American Income Life Insurance Company
- Type: Subsidiary of Globe Life
- Traded as: (formerly NASDAQ: AINC)
- Industry: Life insurance
- Founded: 1951; 75 years ago
- Founder: Bernard Rapoport
- Headquarters: Waco, Texas, United States
- Area served: United States, Canada and New Zealand
- Key people: Steven K. Greer (CEO)
- Products: Supplemental health and life insurance
- Parent: Globe Life
- Subsidiaries: National Income Life Insurance Company, Union Heritage Life Assurance Company Limited
- Website: ailife.com

= American Income Life Insurance Company =

American life insurance company

American Income Life Insurance Company (AIL) is an American unionized private life insurance company that provides supplemental life insurance to labor unions, credit unions, and associations. The parent company is Globe Life Insurance.

The company was founded in 1951 and the executive offices have been located in Waco, Texas, since 1959. American Income Life is licensed in 49 states, the District of Columbia, Canada, and is registered to carry on business in New Zealand. AIL also has two wholly owned subsidiaries: National Income Life Insurance Company, licensed in the state of New York, and Union Heritage Life Assurance Company Limited, licensed in the Republic of Ireland.

As of 2013, AIL had more than two million policyholders and was a wholly owned subsidiary of Globe Life, based in McKinney, Texas.

==History==
The company began in 1951 under the name American Income, chartered as a mutual assessment association in Indiana with $25,000 of borrowed capital. It was reinsured through American Standard Insurance Company as a new mutual reserve company in March 1951. American Income Insurance Company was officially founded in May 1951 by the company's president, Harold Goodman, and executive vice president, Bernard Rapoport, who was Goodman's nephew. The company's home offices were located in Indianapolis, Indiana.

In 1961, AIL began providing supplemental insurance to members of labor unions and serving union policyholders in ways unfamiliar to the industry. For example, AIL waived payment of premiums by union members during an authorized strike action, a benefit still offered in 2021. AIL also developed a college scholarship program for children of union members, and the company contributed to the strike funds of unions engaged in lawful strikes. The company was positioned as the only 100% union insurance company, and termed the phrase, “Be Union-Buy Union." In 1963, AIL's income was about $6 or $7 million.

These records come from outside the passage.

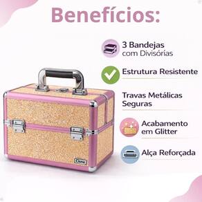 Maleta de Maquiagem Cisne Linha Shine Salmão Glitter e Rosa com 3 Bandejas – CSN-5171B A Maleta de Maquiagem Cisne Linha Shine é perfeita para quem busca organização, praticidade e muito estilo. Com acabamento Salmão Glitter e detalhes em rosa, ela traz um visual premium e estrutura resistente para guardar maquiagens, pincéis e acessórios com segurança. Possui 3 bandejas articuladas, que facilitam a visualização e deixam tudo sempre à mão — ideal para uso pessoal ou profissional.
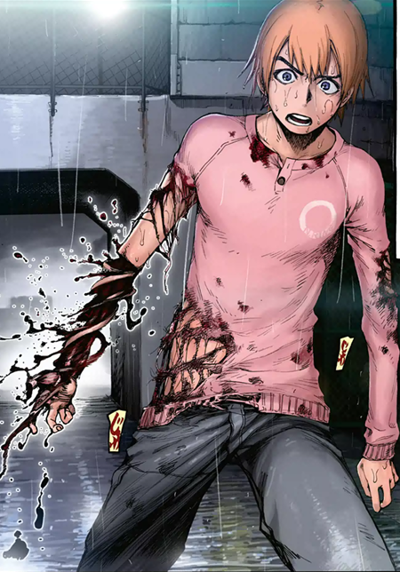 He discovered he was an Ajin after a motorcycle accident in which he revived for the first time. Since it was a rainy night and there were no witnesses of the accident, he thought he would be able to erase all traces of the accident by making it look as if the motorcycle was illegally dumped, however, he didn't know what to do with his severed arm that had regenerated.
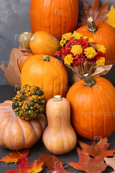 Натюрморт с кукурузой и тыквами
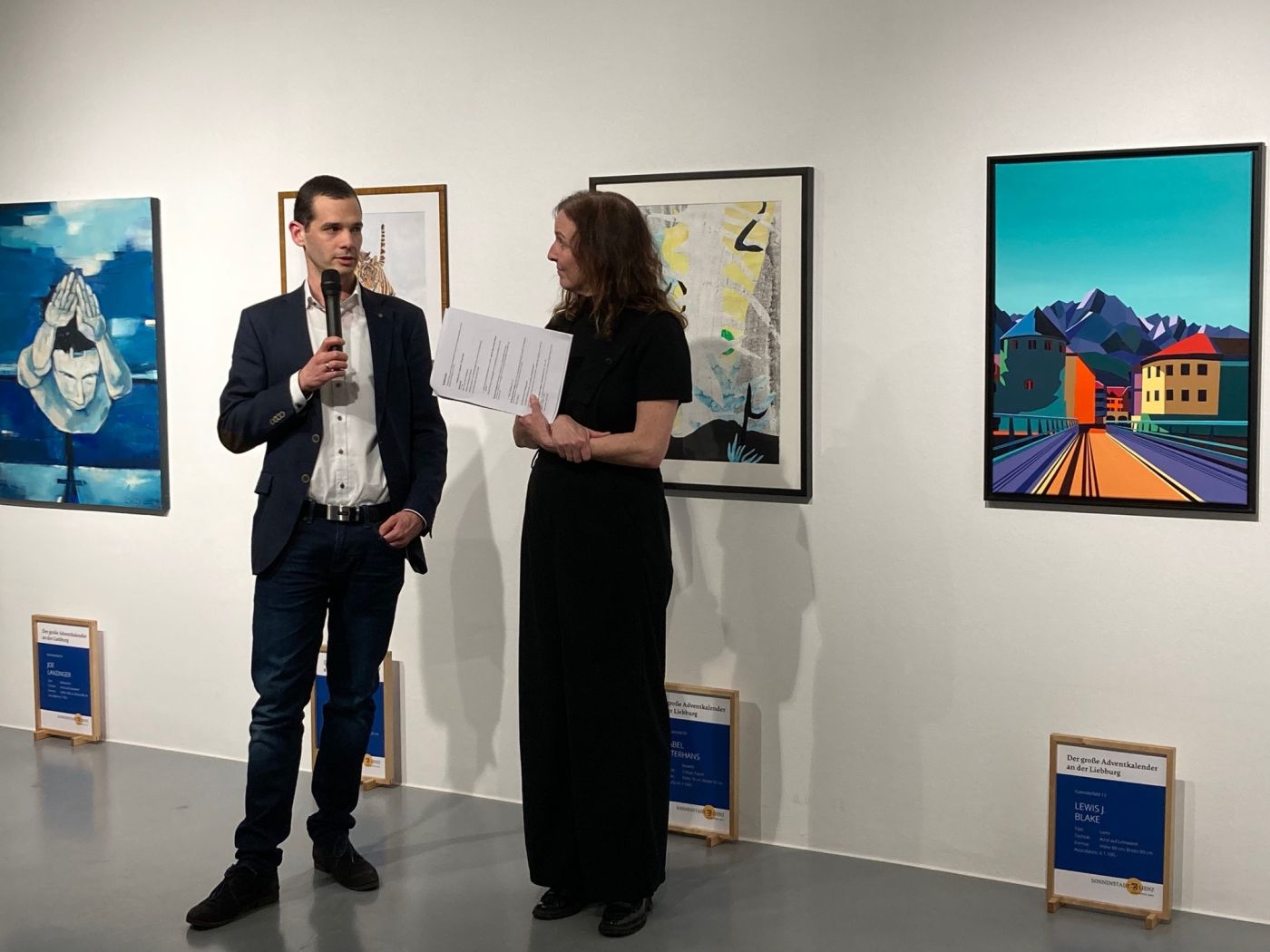 Seit Dezember waren die 24 Originalwerke des Lienzer Kunstadventkalenders im Atelier der Raiffeisen Landesbankstelle Lienz zu sehen. Round Table hat den Adventkalender an der Liebburg im vergangenen Advent zum 27. Mal organisiert. Jetzt geht die Sozial-Aktion ins Finale. Bei der Finissage vor einer Woche gab es noch einmal Gelegenheit, Näheres zu den Bildern zu erfahren,  bevor diese am kommenden Freitag im Ratssaal der Liebburg für den guten Zweck versteigert werden.
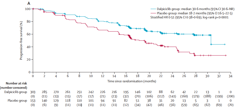 评估达尔西利联合来曲唑/阿那曲唑一线治疗HR+/HER2-晚期乳腺癌的疗效与安全性的DAWNA-2研究也获得了令人鼓舞的结果,PFS延长了12.4个月(30.6 vs. 18.2个月),HR=0.51,降低了49%的疾病进展风险(图3),DAWNA-2研究刷新了CDK4/6抑制剂联合非甾体类芳香化酶抑制剂一线治疗HR+/HER2-晚期乳腺癌的PFS和ORR记录,为药物的临床应用提供了强有力的循证证据。该结果已经于2023年5月在线发表在《柳叶刀·肿瘤学》(The Lancet Oncology,影响因子51.1)。

In 1994, American Income Life was sold to Torchmark Corporation for $563 million.

As part of a company-wide rebranding of the Torchmark Corporation, American Income Life became a subsidiary of Globe Life.

== Sales model ==
American Income Life distributes its insurance through independent-contractor agents who exclusively sell insurance products issued by Globe Life companies. The company organizes its sales force into a hierarchy of agents and managers; advancement involves recruiting and training agents, building sales teams, and developing candidates for management positions. Supervisory and management-level agents may earn override commissions based on the performance of agents within their teams or broader sales hierarchies; the company also advertises residual income, bonuses, and convention eligibility.

== Legal and regulatory matters ==
A 2023 market-conduct examination by the Pennsylvania Insurance Department identified violations involving altered applications, unapproved forms, policy replacements, and deceptive practices by producers. American Income Life disputed some of the findings and described changes to its procedures. In 2024, the Equal Employment Opportunity Commission found reasonable cause to believe that six sales agents had experienced sex discrimination and that one had also experienced race discrimination. The commission also asserted that the six complainants were employees of Globe Life rather than independent contractors; Globe Life said the findings were nonbinding.

Globe Life and American Income Life received subpoenas from the U.S. Department of Justice in November 2023 concerning sales practices by certain independent agents; the department closed the investigation in July 2025 without taking enforcement action. In April 2024, short sellers Fuzzy Panda Research and Viceroy Research accused American Income Life and affiliated agencies of fraudulent or misleading sales practices. Globe Life denied the allegations, which Reuters said it could not independently verify. Staff of the U.S. Securities and Exchange Commission separately concluded an investigation into Globe Life in July 2025 without recommending enforcement action.